Department of Bioinformatics and Genomics, University of North Carolina at Charlotte, Charlotte, NC, 28223, USA.
North Carolina Research Campus, Kannapolis, NC, 28081, USA.
BMC Bioinformatics. 2023 Aug 22;24(1):317. doi: 10.1186/s12859-023-05419-5.
Transposable elements (TEs) are short, mobile DNA elements that are known to play important roles in the genomes of many eukaryotic species. The identification and categorization of these elements is a critical task for many genomic studies, and the continued increase in the number of de novo assembled genomes demands new tools to improve the efficiency of this process. For this reason, we developed RepBox, a suite of Python scripts that combine several pre-existing family-specific TE detection methods into a single user-friendly pipeline.

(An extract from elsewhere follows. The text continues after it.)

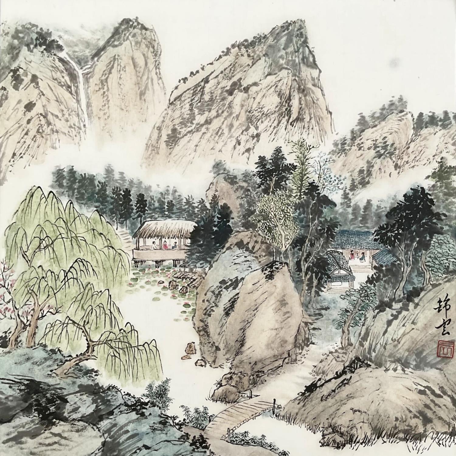 This unique and original contemporary artwork "Summer Landscape" was created by contemporary artist Tayun. The artist used various techniques to create this small-format figurative painting on paper.

Based on comparisons of RepBox with the standard TE detection software RepeatModeler, we find that RepBox consistently classifies more elements and is also able to identify a more diverse array of TE families than the existing methods in plant genomes.
The performance of RepBox on two different plant genomes indicates that our toolbox represents a significant improvement over existing TE detection methods, and should facilitate future TE annotation efforts in additional species.
转座元件(TEs)是短的、可移动的 DNA 元件,已知在许多真核生物物种的基因组中发挥重要作用。这些元件的识别和分类是许多基因组研究的关键任务,并且从头组装基因组的数量不断增加,这需要新的工具来提高这个过程的效率。出于这个原因,我们开发了 RepBox,这是一套 Python 脚本,将几种现有的特定于家族的 TE 检测方法组合成一个单一的用户友好的流水线。
基于 RepBox 与标准 TE 检测软件 RepeatModeler 的比较,我们发现 RepBox 始终能够分类更多的元件,并且能够识别出比植物基因组中现有的方法更多样化的 TE 家族。
RepBox 在两个不同的植物基因组上的表现表明,我们的工具包代表了对现有 TE 检测方法的重大改进,并且应该有助于未来在其他物种中的 TE 注释工作。